▸ **Data**:
○ ○ ○
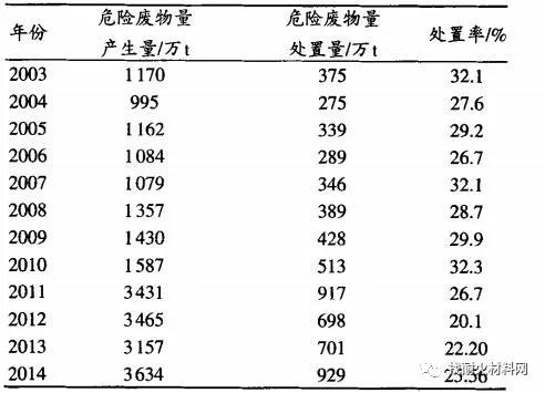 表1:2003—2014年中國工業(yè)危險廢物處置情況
○ ○ ○
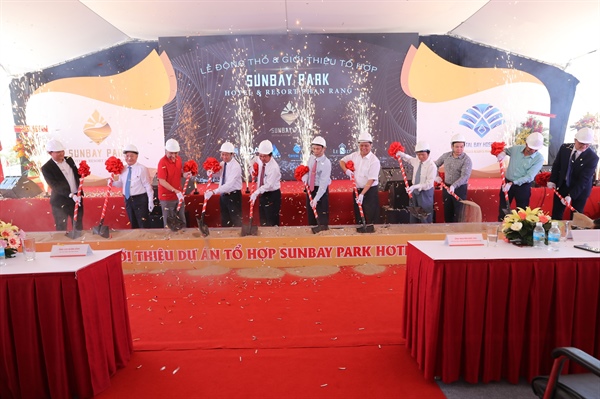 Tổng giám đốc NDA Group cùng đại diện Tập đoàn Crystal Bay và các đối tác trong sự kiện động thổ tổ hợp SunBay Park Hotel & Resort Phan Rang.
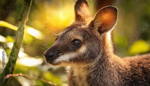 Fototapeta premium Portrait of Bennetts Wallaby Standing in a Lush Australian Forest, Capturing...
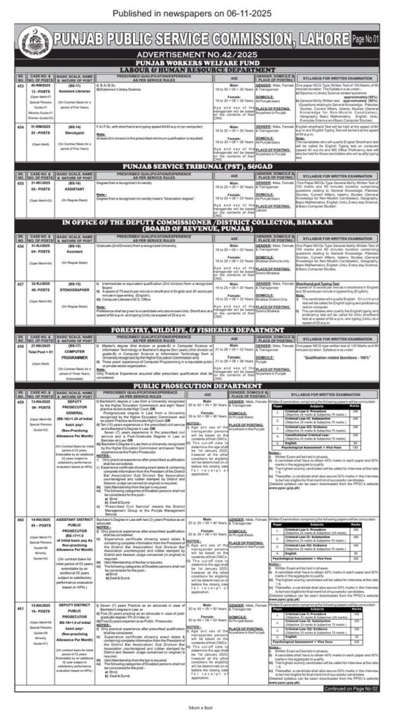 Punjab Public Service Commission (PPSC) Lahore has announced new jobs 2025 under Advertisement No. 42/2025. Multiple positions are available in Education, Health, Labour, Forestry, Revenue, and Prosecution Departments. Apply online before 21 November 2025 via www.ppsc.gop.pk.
○ ○ ○
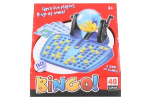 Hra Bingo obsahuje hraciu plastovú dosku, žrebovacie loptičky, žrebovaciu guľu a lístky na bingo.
○ ○ ○
▸ **Task objective**:
Exact copy, no pictures. Write out the lines in the entries above, starting with the line with "Tổng giám đốc" and going on through the line with "Punjab Public Service", keeping both.

▸ **Response below**:
 Tổng giám đốc NDA Group cùng đại diện Tập đoàn Crystal Bay và các đối tác trong sự kiện động thổ tổ hợp SunBay Park Hotel & Resort Phan Rang.
 Fototapeta premium Portrait of Bennetts Wallaby Standing in a Lush Australian Forest, Capturing...
 Punjab Public Service Commission (PPSC) Lahore has announced new jobs 2025 under Advertisement No. 42/2025. Multiple positions are available in Education, Health, Labour, Forestry, Revenue, and Prosecution Departments. Apply online before 21 November 2025 via www.ppsc.gop.pk.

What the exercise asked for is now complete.